医療者からの眼科受診勧奨を認識すると、糖尿病患者の眼底検査の実施率が2倍以上高くなる
研究グループは、茨城県つくば市が2022年度に国民健康保険加入者を対象に実施した「糖尿病に関するアンケート調査」に、2021年度のレセプト・健診データを突合した匿名データを二次的に活用し、横断研究を行った。このアンケート調査は、同市が「つくば市データヘルス計画(第3期)」と「つくば市国民健康保険特定健康診査等実施計画(第4期)」の策定における基礎資料として用いるために実施された(同市はこの二つの計画をまとめて「つくば市国民健康保険計画」と総称)。同研究の対象者は層化無作為抽出注した1,000人で、調査票を配布したところ456人より回答があった(有効回答率45.6%)。そのうち糖尿病の自覚を持つ患者290人(年齢の中央値:63.3歳、男性割合57.9%)を解析対象とし、前述の層化無作為抽出の際の抽出確率と回答率に基づいたウェイトを用いて結果を重み付けした。
その結果、医療者からの眼科受診勧奨を受けた認識のある人は139人(重み付け割合:47.6%)、正しい眼科受診頻度の知識を持つ人は195人(72.8%)、レセプト上で実際に眼底検査を受けていた人は149人(50.5%)だった。
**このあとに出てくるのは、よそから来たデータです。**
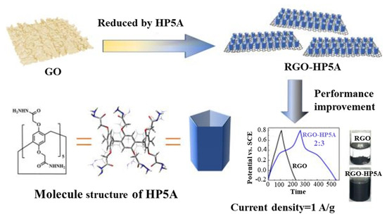 The above approaches also can provide significant insights into the future research of LIBs and SIBs. Besides, pillar[5]quinone can also be used in supercapacitors owing to their high specific capacity and cage structure. Guo et al. [143] fabricated a composite (RGO-HP5A)-based pillar[5]arene containing reduced graphene oxide (RGO) by redox reaction (Figure 17). The water dispersion and stability of the few-layer RGO-HP5A hybrids were observed to be favorable. The nanocomposite fabricated for supercapacitors exhibited a remarkable specific capacitance of 331 F·g−1 at 0.5 A·g−1, along with an exceptional cycling performance attributed to the synergistic effect of RGO and HP5A within this composite.

また実際に眼底検査を受けた割合は、眼科受診勧奨の認識のある群72.9%vs認識のない群30.1%、正しい眼科受診頻度の知識を持つ群63.9%vs知識を持たない群21.1%だった。正しい眼科受診頻度の知識を持つ割合は眼科受診勧奨の認識のある群93.4%vs認識のない群49.6%、といずれも有意な差が見られた。眼科受診勧奨を受けた認識のある群は認識のない群と比べて、修正ポアソン回帰分析による眼底検査受診の調整リスク比は2.36(95%信頼区間1.65-3.38)だった。またサブ解析では、糖尿病専門医が在籍する医療機関を受診している患者は、眼科受診勧奨の認識を持つ割合が高く、眼科受診頻度を正しく理解している割合や実際の眼底検査受診割合も高いことがわかった。
以上の結果から、患者が医療者による眼科受診勧奨を受けたと認識することは、眼底検査実施や眼科受診頻度に関する理解の向上に寄与することが示唆された。糖尿病網膜症の早期発見と重症化予防には、患者自身が受診の必要性を正しく認識することが重要であり、そのためには医療者の積極的な受診推奨だけでなく、医療システムや行政レベルでの包括的な環境整備が重要だと考えられる。同研究の成果は、こうした眼科受診勧奨の推進策を検討する上で、有用なエビデンスとなり得る。
糖尿病患者の眼科受診に関する認識や理解を高めることが、眼底検査実施を促進するために重要
同研究により、糖尿病患者が医療者からの眼科受診勧奨を認識することが、眼底検査の実施率向上と関連することが示された。今回の研究では、眼科受診の判定時期(2021年度)の後にアンケート調査(2022年度)が行われていること、また、眼科受診勧奨の有無は患者の主観によって判断されたものであり、実際の勧奨の有無と異なる可能性があることには注意が必要である。一方で、患者視点を含む形で眼科受診の実態を定量的に示すことができたことは意義深いと考えられる。
「本研究の知見は、医療者が個別に行う眼科受診勧奨をさらに推進するだけにとどまらず、眼科-内科の連携にインセンティブを付与することや眼科受診、眼底検査などを糖尿病患者の診療の質指標に組み込むこと、特定健診での眼底検査を普及させることなど、多岐に渡る医療・行政施策への働きかけに活用されることが期待される。こうした包括的な取り組みは、日本の糖尿病診療の質向上につながり、ひいては糖尿病合併症の重症化予防や医療費削減に寄与する可能性がある」と、研究グループは述べている。